# Airfare Markets Under Pressure — EDA & Insights

**Objective:** Analyze when, where, and why airfares differ across U.S. domestic markets, and how city-level characteristics influence route-level prices. Deliver actionable insights for travelers, industry stakeholders, and policymakers.

**Data:** U.S. DOT Domestic Airline Consumer Airfare Report (2021–2025 Q2)

## 1. Setup & Data Load

In [None]:
import pandas as pd
import numpy as np
import matplotlib.pyplot as plt
import seaborn as sns
from pathlib import Path

pd.set_option('display.max_columns', 50)
plt.rcParams['figure.figsize'] = (10, 5)
sns.set_theme(style='whitegrid')

# Load Excel (requires: pip install pandas openpyxl)
DATA_PATH = 'airline_ticket_dataset.xlsx'
df = pd.read_excel(DATA_PATH, engine='openpyxl')
print('Shape:', df.shape)
print('\nColumns:', list(df.columns))
df.head(10)

In [None]:
# Basic info and missing values
df.info()
print('\nMissing values:')
print(df.isnull().sum())

## 2. Data Cleaning & Column Mapping

Standardize column names for analysis (adjust if your dataset uses different names).

In [None]:
# Inspect column names (run once, then map to standard names if needed)
for c in df.columns:
    print(repr(c), '->', df[c].dtype, '| sample:', df[c].dropna().iloc[0] if df[c].notna().any() else 'N/A')

In [None]:
# Map common DOT report column names to a standard set (edit keys to match your actual columns)
col_map = {
    'Origin': 'origin', 'Origin City': 'origin_city', 'Origin Airport': 'origin',
    'Destination': 'dest', 'Destination City': 'dest_city', 'Destination Airport': 'dest',
    'Average Fare': 'avg_fare', 'Fare': 'avg_fare', 'Avg Fare': 'avg_fare', 'Average Fare ($)': 'avg_fare',
    'Passengers': 'passengers', 'Passenger Count': 'passengers', 'Total Passengers': 'passengers',
    'Quarter': 'quarter', 'Year': 'year', 'Year-Quarter': 'year_quarter',
    'Distance': 'distance', 'Miles': 'distance', 'Market Distance': 'distance',
    'Dominant Carrier': 'dominant_carrier', 'Dominant Carrier Share': 'dom_share', 'Market Share': 'dom_share',
    'Low Cost Carrier': 'lcc', 'LCC': 'lcc', 'LCC Penetration': 'lcc_penetration',
    'Lowest Fare Carrier': 'lowest_fare_carrier', 'Carriers': 'carriers', 'Number of Carriers': 'n_carriers',
}
# Only rename columns that exist
rename = {k: v for k, v in col_map.items() if k in df.columns}
if rename:
    df = df.rename(columns=rename)
print('Columns after mapping:', list(df.columns))
df.head(5)

## 3. When Do Fares Differ? — Temporal Patterns

In [None]:
# Identify fare and time columns (use actual names from your data)
fare_col = next((c for c in df.columns if 'fare' in c.lower() or 'fare' in c), df.columns[0])
time_cols = [c for c in df.columns if any(x in c.lower() for x in ['year','quarter','date','q'])]
print('Fare column:', fare_col, '| Time-related columns:', time_cols)
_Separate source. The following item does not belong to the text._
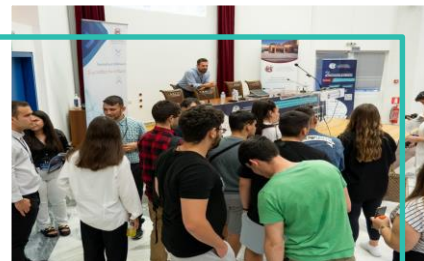
Soft Skills, Καλαμάτα

# Aggregate average fare by year/quarter if available
if time_cols:
    agg = df.groupby(time_cols, dropna=False)[fare_col].agg(['mean','median','count']).reset_index()
    print(agg.head(15))
else:
    print('No obvious time column found. Show numeric columns:', df.select_dtypes(include=[np.number]).columns.tolist())

In [None]:
# Plot: Average fare over time (adjust x/y to your column names)
if time_cols and fare_col:
    temporal = df.groupby(time_cols[0])[fare_col].mean().reset_index()
    fig, ax = plt.subplots(figsize=(10,4))
    ax.plot(temporal[time_cols[0]].astype(str), temporal[fare_col], marker='o')
    ax.set_title('Average Airfare Over Time')
    ax.set_xlabel(time_cols[0])
    ax.set_ylabel(fare_col)
    plt.xticks(rotation=45)
    plt.tight_layout()
    plt.show()
else:
    print('Skipping temporal plot: need fare and time columns.')

## 4. Where Do Fares Differ? — Routes & City-Level Effects

In [None]:
# Origin/destination columns
origin_col = next((c for c in df.columns if 'origin' in c.lower()), None)
dest_col = next((c for c in df.columns if 'dest' in c.lower() or 'destination' in c.lower()), None)
if not origin_col:
    origin_col = df.columns[0]
if not dest_col:
    dest_col = df.columns[1] if len(df.columns) > 1 else df.columns[0]
print('Origin column:', origin_col, '| Dest column:', dest_col)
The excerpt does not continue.